- Gochbeyli / Aygestan
- Coordinates: 39°30′26″N 47°04′10″E﻿ / ﻿39.50722°N 47.06944°E
- Country: Azerbaijan
- District: Khojavend

Population (2015)
- • Total: 316
- Time zone: UTC+4 (AZT)

= Qoçbəyli =

Gochbeyli (Qoçbəyli) or Aygestan (Այգեստան) is a village in the Khojavend District of Azerbaijan, in the disputed region of Nagorno-Karabakh. The village had an ethnic Armenian-majority population prior to the 2020 Nagorno-Karabakh war, and also had an Armenian majority in 1989.

== History ==
During the Soviet period, the village was part of the Hadrut District of the Nagorno-Karabakh Autonomous Oblast within the Azerbaijan Soviet Socialist Republic. After the First Nagorno-Karabakh War the village was administrated as part of the Hadrut Province of the breakaway Republic of Artsakh. The village came under the control of Azerbaijan during the 2020 Nagorno-Karabakh war.

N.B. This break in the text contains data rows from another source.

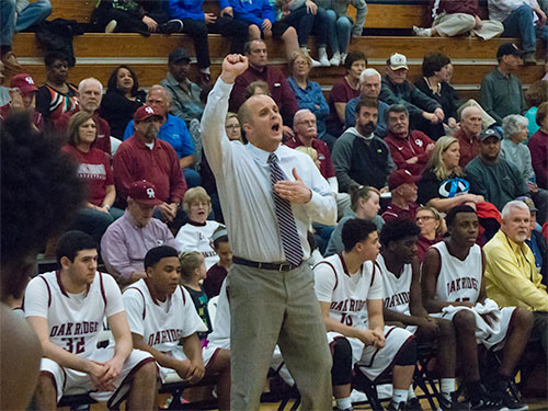 Oak Ridge Coach Aaron Green is pictured above during an 88-62 victory over Karns in the District 3-AAA championship at Anderson County on Tuesday, Feb. 23, 2016. (Photo by John Huotari/Oak Ridge Today)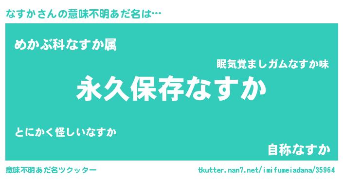 | 男性向けラノベタイトル風あだ名 | 『なすかという概念が存在しない退屈な世界 』 |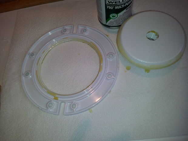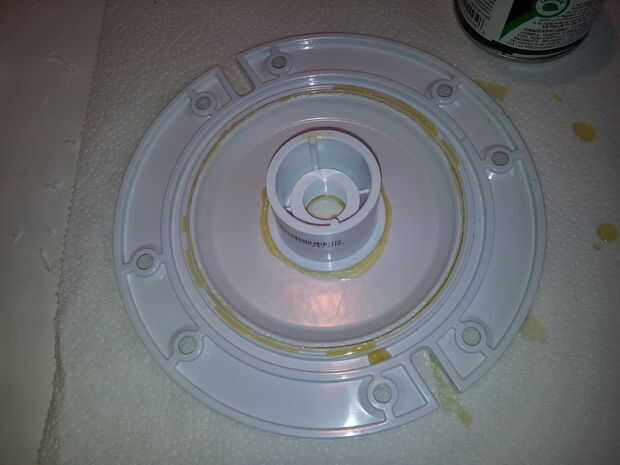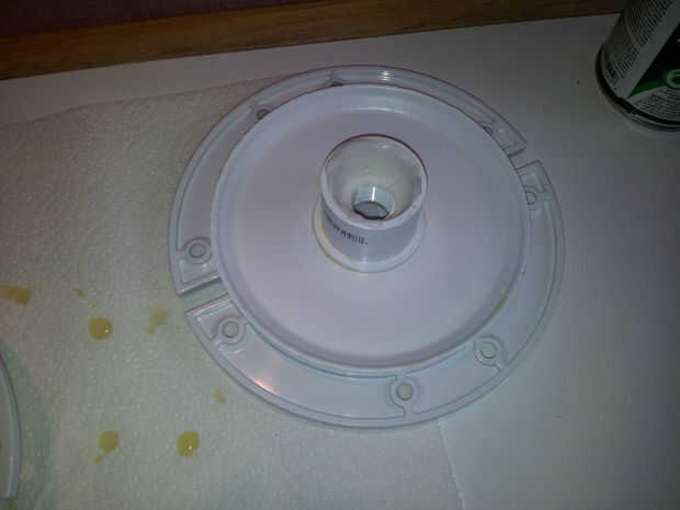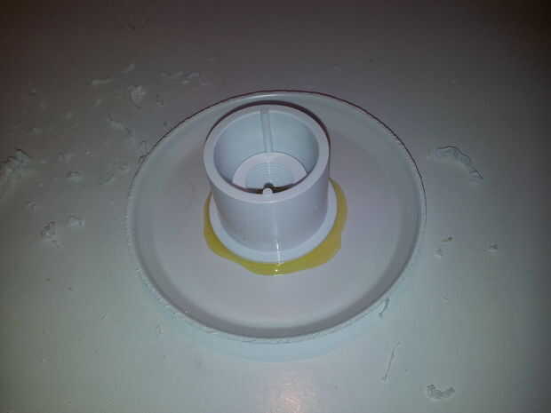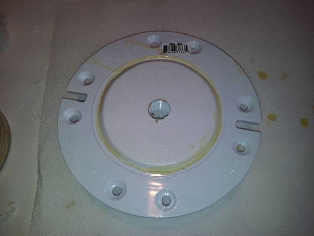 Siga las instrucciones en el cemento para pegar el buje en la placa de cubierta (alinee sus agujeros respectivos).  A continuación pegar la placa de cubierta sobre uno de los extensores de la brida de inodoro.  Asegúrese de que pegue al lado sin los orificios avellanados.  Los orificios avellanados deben ser en la parte superior para que las tuercas que se utiliza para unir los postes verticales (el 1/4 "x 4" tornillos) no sobresalga mucho.  Usar el manguito adjunto como un mango para facilitar buena colocación de la placa de cubierta.  La placa de cubierta de 4" casi exactamente encaja en el agujero de la brida por lo que es un poco complicado.  Uso un montón de pegamento Asegúrese de que no quedan huecos.

== Historical heritage sites ==
Historical heritage sites in and around the village include a village from between the 15th and 19th centuries, and the Holy Resurrection Church (Սուրբ Հարություն եկեղեցի) built in 1741.

== Demographics ==
The village had 294 inhabitants in 2005, and 316 inhabitants in 2015.